* LISTED RECORDS
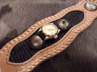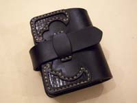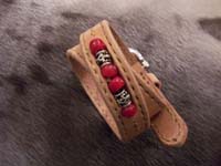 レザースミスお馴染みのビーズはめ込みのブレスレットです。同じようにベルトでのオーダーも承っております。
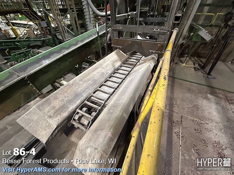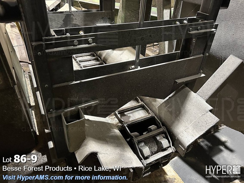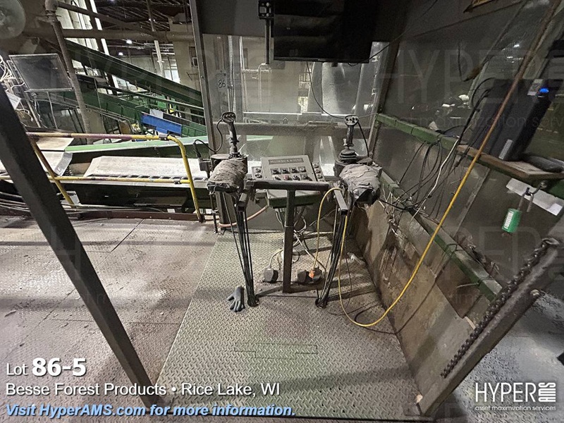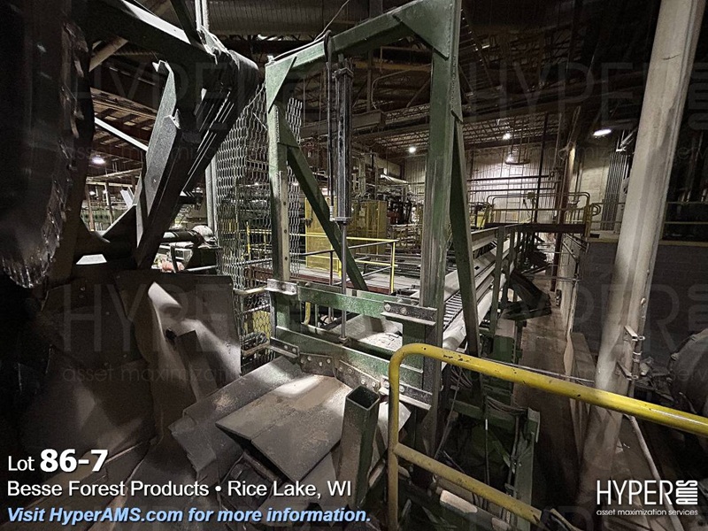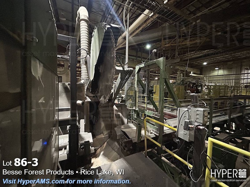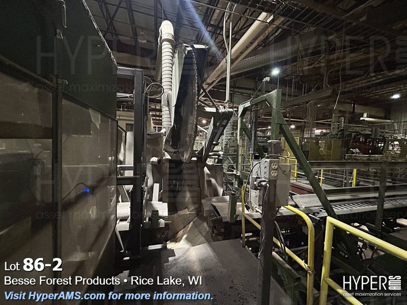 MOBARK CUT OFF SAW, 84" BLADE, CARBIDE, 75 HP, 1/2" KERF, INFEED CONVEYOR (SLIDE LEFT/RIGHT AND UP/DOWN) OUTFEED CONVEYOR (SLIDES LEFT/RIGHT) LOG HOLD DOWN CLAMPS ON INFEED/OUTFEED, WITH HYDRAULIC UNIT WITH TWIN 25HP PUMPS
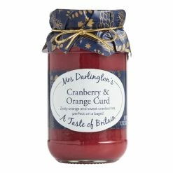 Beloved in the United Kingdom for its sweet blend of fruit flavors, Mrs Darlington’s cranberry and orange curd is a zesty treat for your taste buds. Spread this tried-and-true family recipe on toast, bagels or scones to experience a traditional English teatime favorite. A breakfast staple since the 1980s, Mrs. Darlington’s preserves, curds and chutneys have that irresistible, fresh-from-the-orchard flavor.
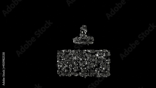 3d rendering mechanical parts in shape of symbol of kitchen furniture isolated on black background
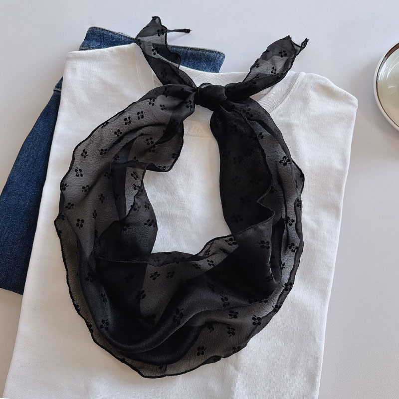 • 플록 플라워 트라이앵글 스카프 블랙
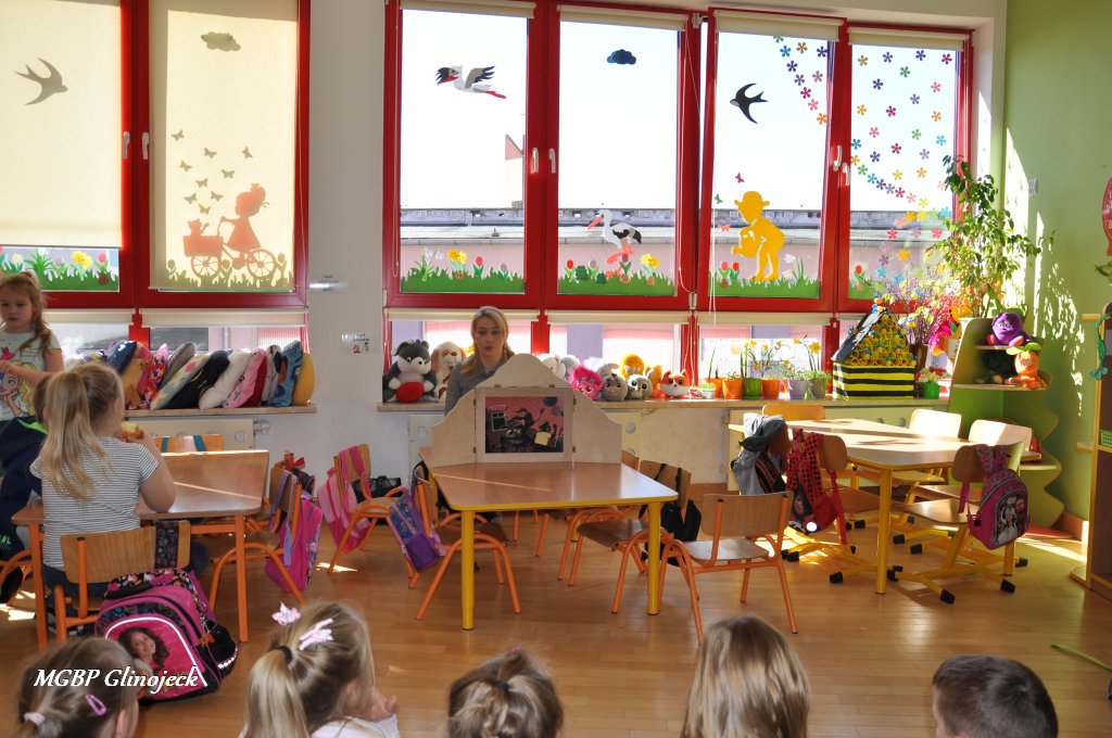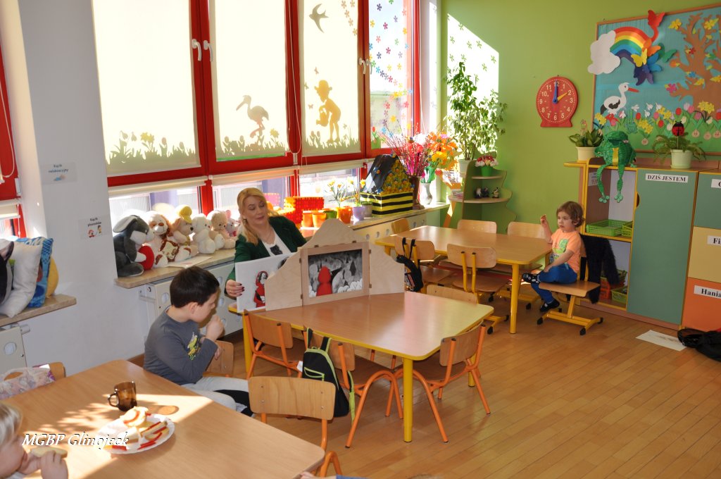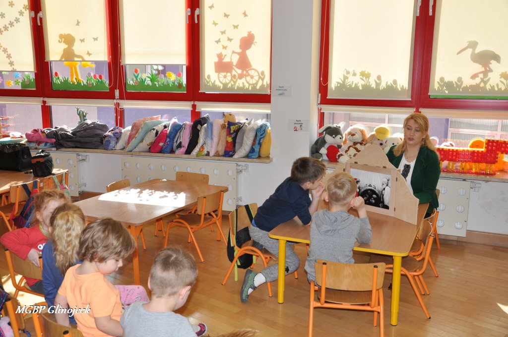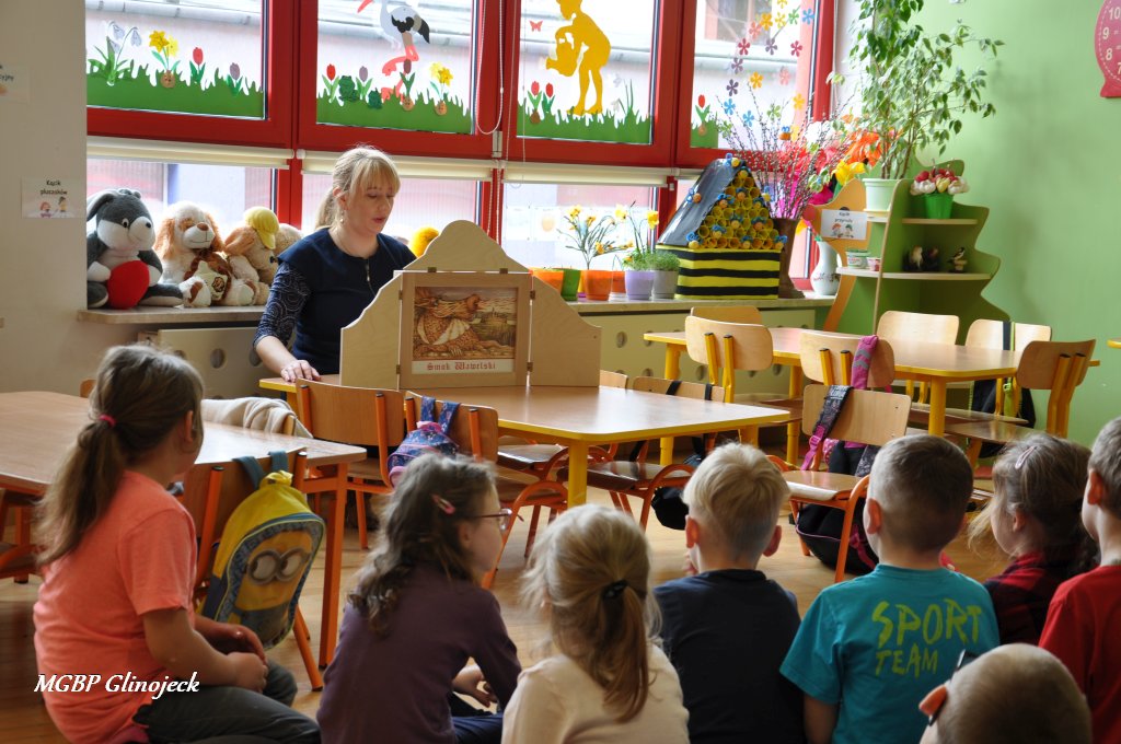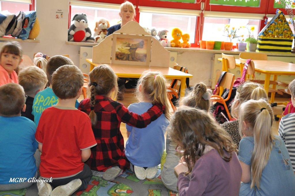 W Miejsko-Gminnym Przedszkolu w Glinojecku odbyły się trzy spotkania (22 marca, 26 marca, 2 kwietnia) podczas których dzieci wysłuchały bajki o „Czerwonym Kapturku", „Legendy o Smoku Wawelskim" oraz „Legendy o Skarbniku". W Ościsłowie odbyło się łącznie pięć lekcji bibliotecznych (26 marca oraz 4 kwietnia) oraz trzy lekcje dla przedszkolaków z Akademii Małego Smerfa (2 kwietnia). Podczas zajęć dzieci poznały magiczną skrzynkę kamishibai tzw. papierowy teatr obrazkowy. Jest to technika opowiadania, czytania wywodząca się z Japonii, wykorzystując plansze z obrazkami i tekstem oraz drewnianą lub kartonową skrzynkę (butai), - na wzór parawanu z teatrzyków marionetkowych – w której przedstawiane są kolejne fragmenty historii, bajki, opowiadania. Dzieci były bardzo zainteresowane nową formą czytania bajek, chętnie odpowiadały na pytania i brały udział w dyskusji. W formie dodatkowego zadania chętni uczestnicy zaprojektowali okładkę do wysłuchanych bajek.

* ACTIVITY
Retyping is limited to the line with "트라이앵글 스카프 블랙" and the lines after it in the material above; give them exactly and leave out the pictures.

* RESULT OF THE EXERCISE
 • 플록 플라워 트라이앵글 스카프 블랙
 W Miejsko-Gminnym Przedszkolu w Glinojecku odbyły się trzy spotkania (22 marca, 26 marca, 2 kwietnia) podczas których dzieci wysłuchały bajki o „Czerwonym Kapturku", „Legendy o Smoku Wawelskim" oraz „Legendy o Skarbniku". W Ościsłowie odbyło się łącznie pięć lekcji bibliotecznych (26 marca oraz 4 kwietnia) oraz trzy lekcje dla przedszkolaków z Akademii Małego Smerfa (2 kwietnia). Podczas zajęć dzieci poznały magiczną skrzynkę kamishibai tzw. papierowy teatr obrazkowy. Jest to technika opowiadania, czytania wywodząca się z Japonii, wykorzystując plansze z obrazkami i tekstem oraz drewnianą lub kartonową skrzynkę (butai), - na wzór parawanu z teatrzyków marionetkowych – w której przedstawiane są kolejne fragmenty historii, bajki, opowiadania. Dzieci były bardzo zainteresowane nową formą czytania bajek, chętnie odpowiadały na pytania i brały udział w dyskusji. W formie dodatkowego zadania chętni uczestnicy zaprojektowali okładkę do wysłuchanych bajek.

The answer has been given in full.